** Task instructions **
Below are some entries. Return exactly the lines from the one with "Water, Cocamidopropyl Betaine, Sodium" through the final line, leaving out any pictures.

** Data provided **
====

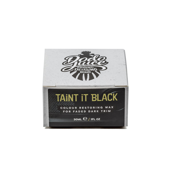 Dodo Juice Taint it Black är en plast- och gummibehandling i vaxform som både ger ett långvarigt skydd och återställer den ursprungliga svarta färgen på ytor av plast och gummi. Taint it Black skapar en tunn osynlig hinna på den behandlade ytan som effektivt stöter bort vatten och smuts och gör det mycket enklare att hålla ytorna rena. Den glansgrad som Taint it Black lämnar är så kallad satin, vilket innebär att den varken är blank eller helt matt, utan någonstans mittemellan. Lämplig för behandling av däck såväl som för att skydda nya och redan blekta plastdelar.
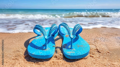 A pair of blue flip-flops abandoned on a sandy beach under the bright sunny day with waves gently crashing nearby
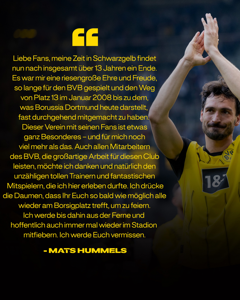 훔멜스는 공식 채널을 통해 작별 인사를 남겼다. 그는 "도르트문트에서 13년이 넘는 시간을 보냈다. 이제 끝을 맞이하게 됐다"라며 "팬들과 함께한 이 구단은 특별함 그 이상이었다. 도르트문트 직원들에게도 감사의 말을 전하고 싶다"라고 밝혔다.
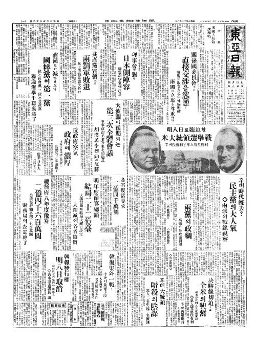 - 明八日(명팔일)로臨迫(임박)한 米大統領選擧戰(미대통영선거전) 후벼氏勝利(씨승리)?루스벨트勝利(승리)
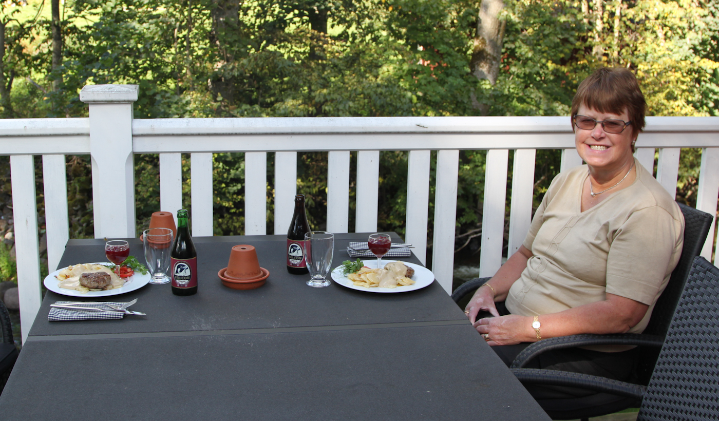Vi avslutade med en riktigt god ”Tjuvjägarbiff med potatisgratäng” på altan till restaurangen.
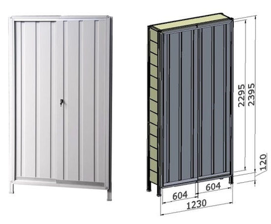 Porta scorrevole in lamiera verniciata per fronte scaffalatura cm. 120x244h
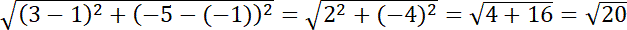 Równanie okręgu ma postać: (x – 1)2 + (y + 1)2 = 20
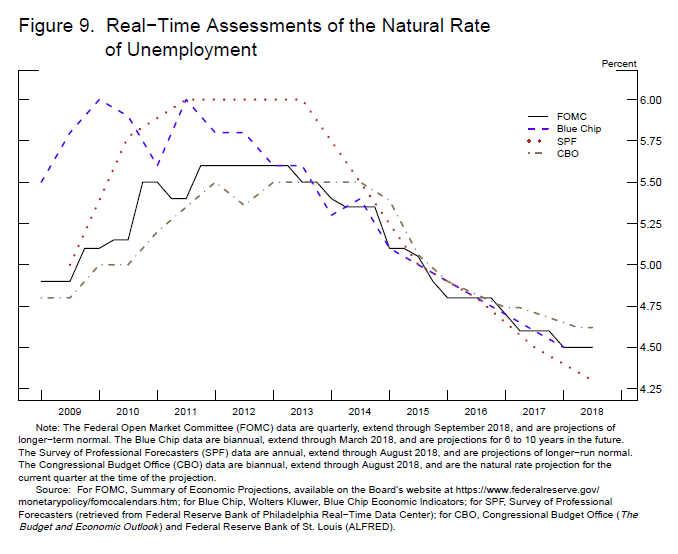 6. This estimate is the CBO's current assessment of what the natural rate was at each period in the sample, not a measure of the natural rate as perceived in real time. I discuss the importance of this distinction in Powell (2018). Return to text
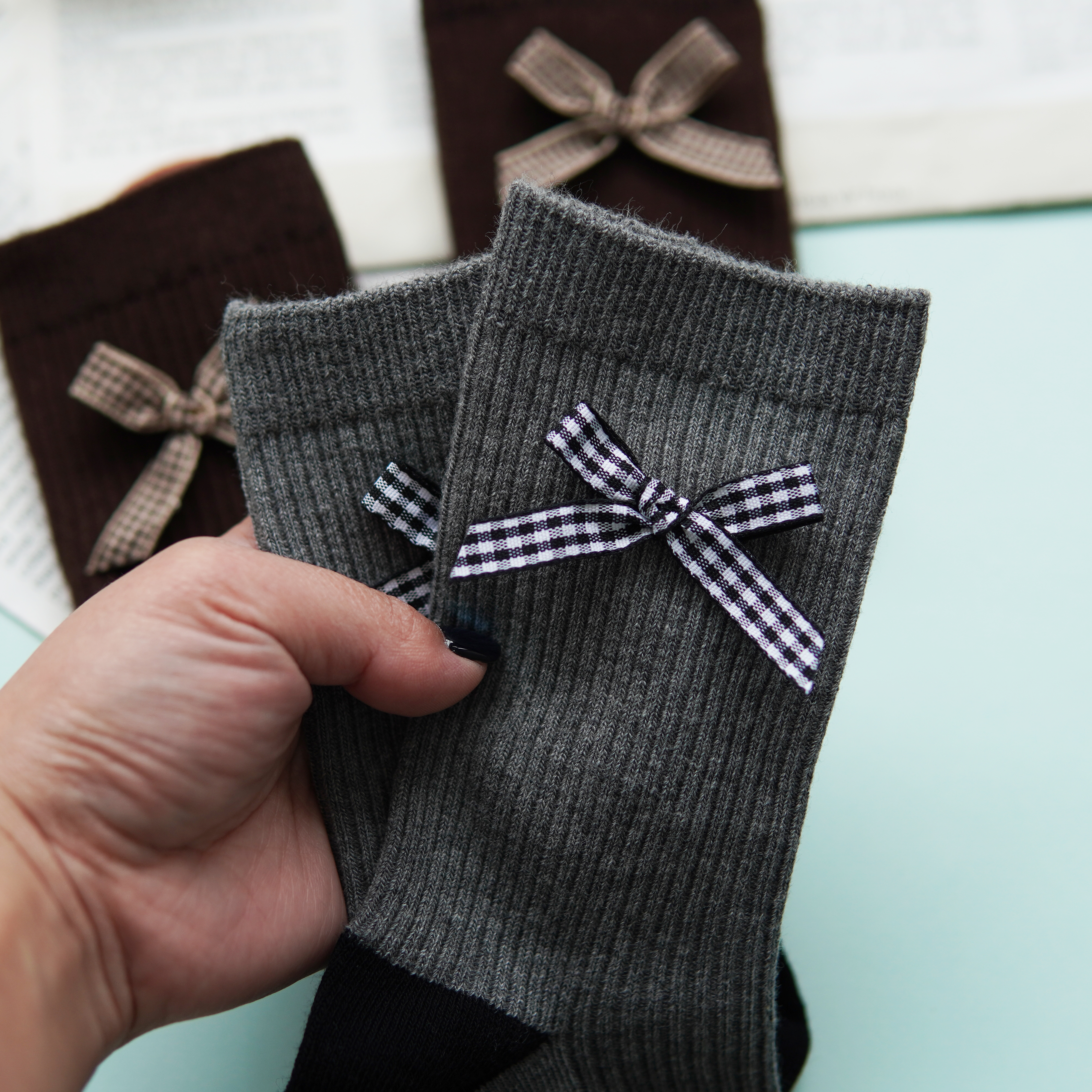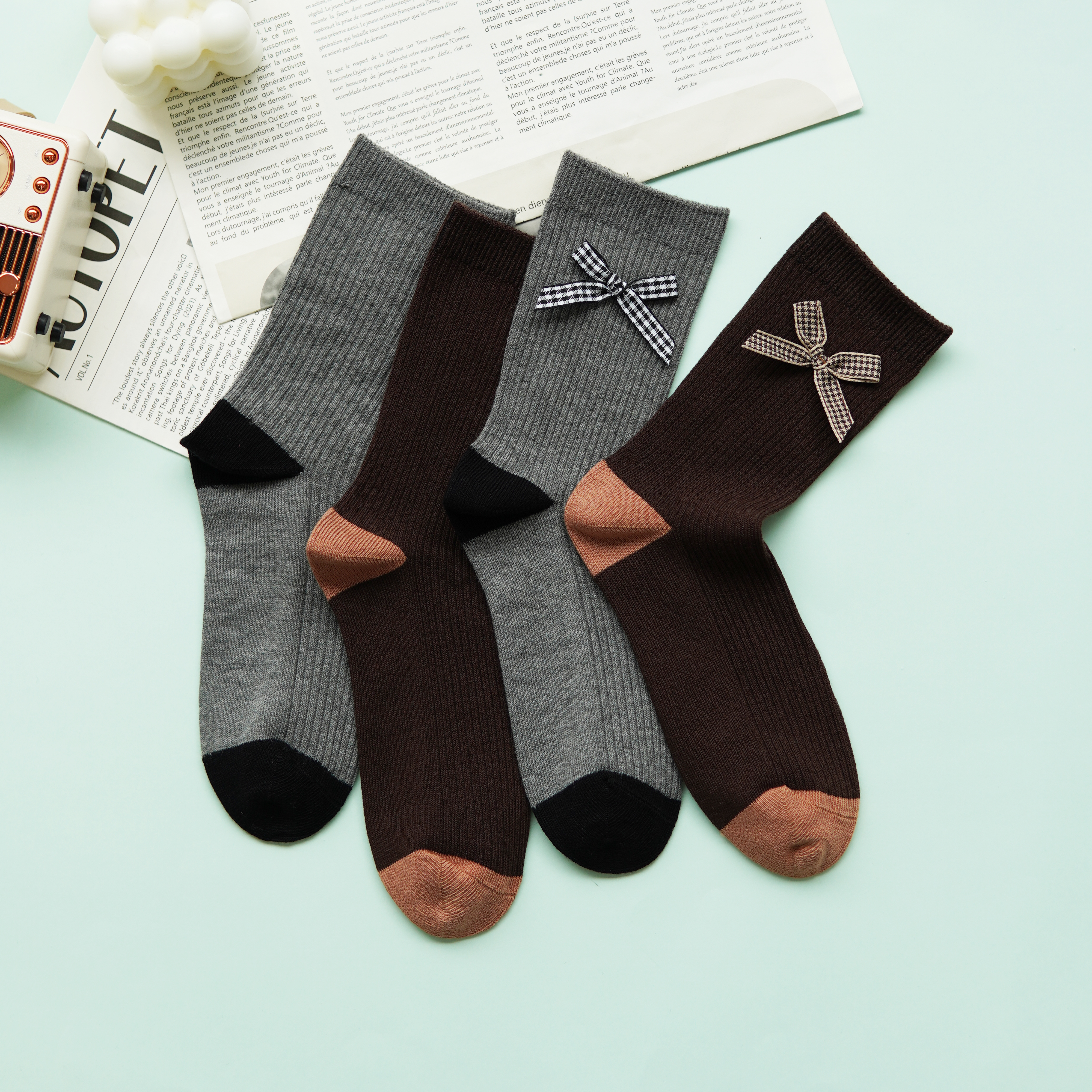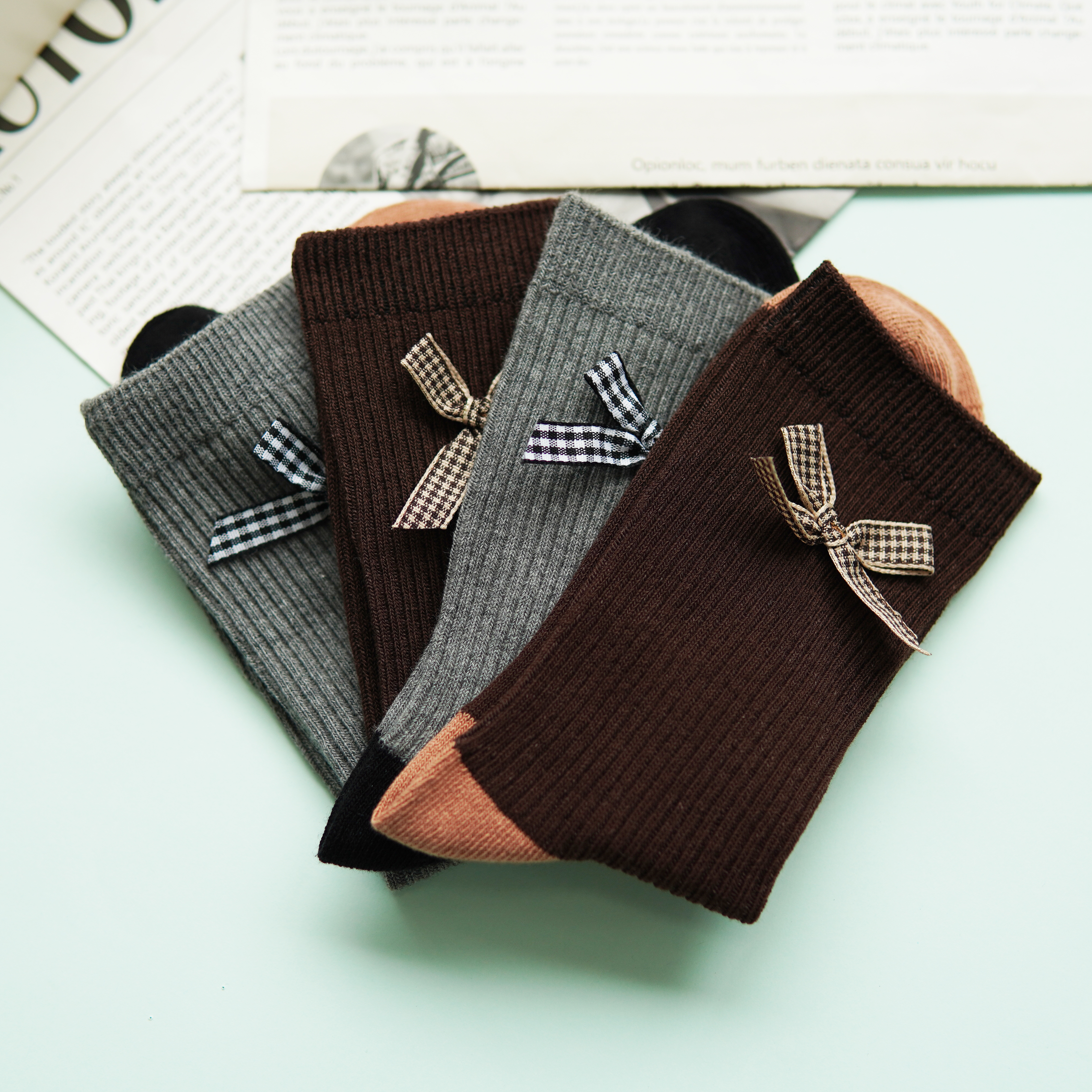 【59元3双】女士时尚袜蝴蝶结中长筒袜子女棉袜【1双装 2522502】
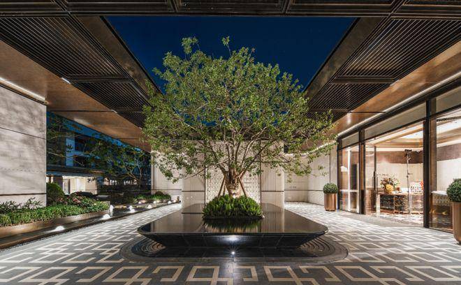 社区入口,百米酒店式落客门庭、超60年树龄铁冬青打造的“大树聚场”、潘多拉发光奢石拼花的“躺平水院”,是家人休憩、邻里小聚的好去处;
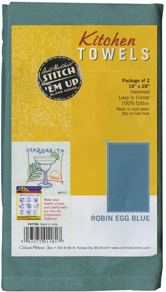 Solid Dye Kitchen Towel 2 Per Package. Made from a 100% plain-woven cotton with a 4-sided hem and hanger loop in the corner. Towel measures 18×28 inches. Wash in cold water; dry on low heat; some shrinkage will occur.
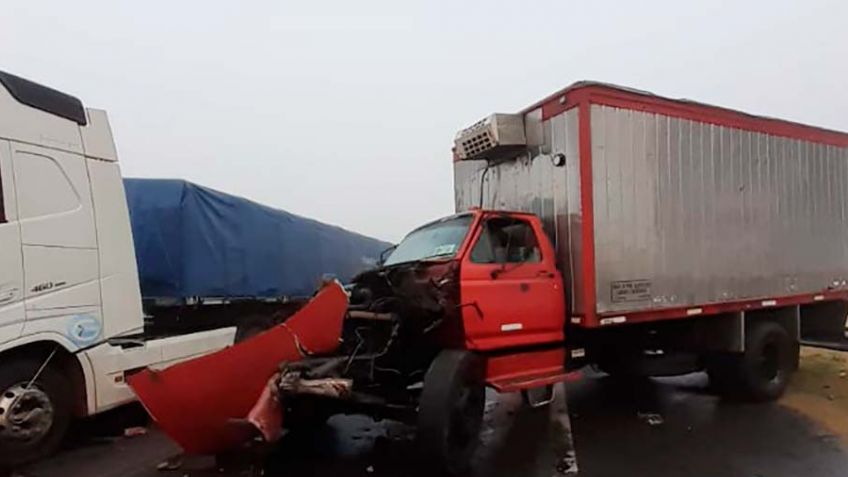 Cuatro camiones protagonizaron un siniestro vial en el km. 61 de la Autopista Ezeiza Cañuelas, dejando como saldo dos choferes heridos.
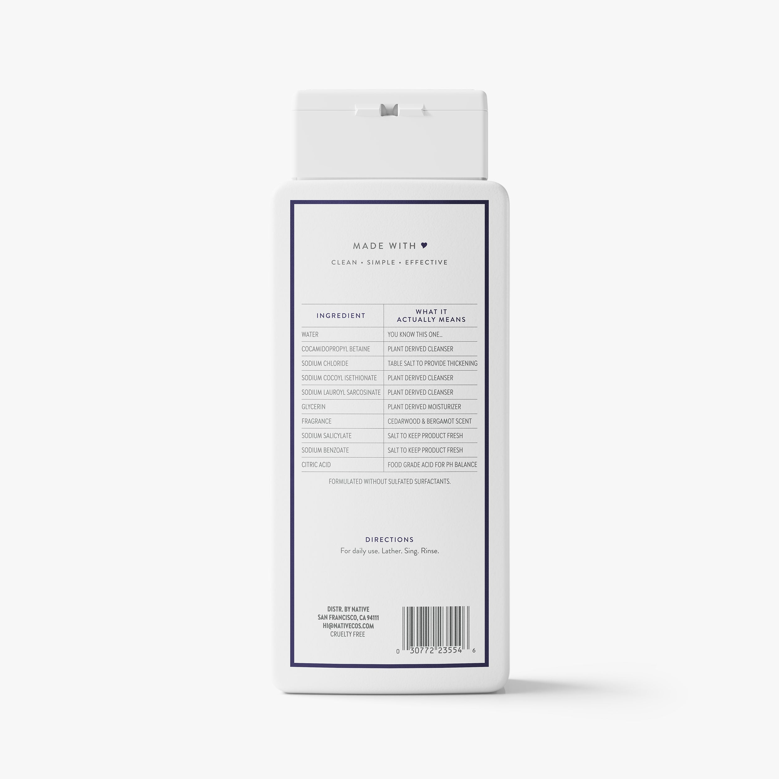 Water, Cocamidopropyl Betaine, Sodium Chloride, Sodium Cocoyl Isethionate, Sodium Lauroyl Sarcosinate, Glycerin, Fragrance, Sodium Salicylate, Sodium Benzoate, Citric Acid.
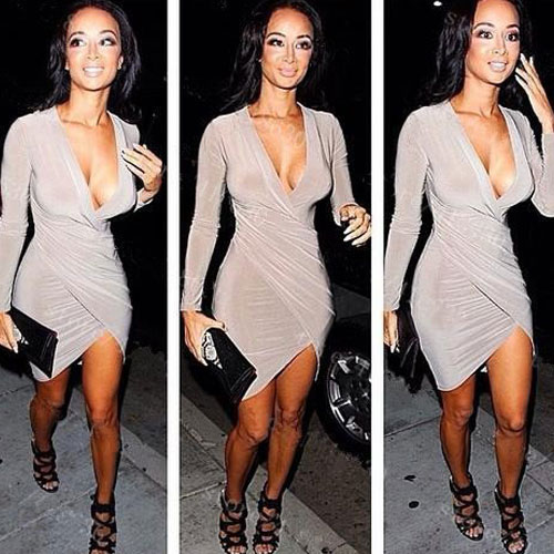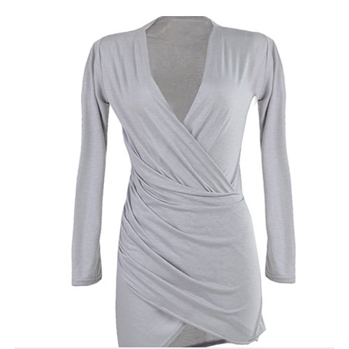 You will be the focus and definitely make men drool in this dress. Features deep v-neck style,showing your seductive cleavage,sexy and charming. Irregular hemline and ruched design. Pairing with sexy high-heeled shoes and elegant clutch,you are fashion queen!

====

** Response area **
 Water, Cocamidopropyl Betaine, Sodium Chloride, Sodium Cocoyl Isethionate, Sodium Lauroyl Sarcosinate, Glycerin, Fragrance, Sodium Salicylate, Sodium Benzoate, Citric Acid.
 You will be the focus and definitely make men drool in this dress. Features deep v-neck style,showing your seductive cleavage,sexy and charming. Irregular hemline and ruched design. Pairing with sexy high-heeled shoes and elegant clutch,you are fashion queen!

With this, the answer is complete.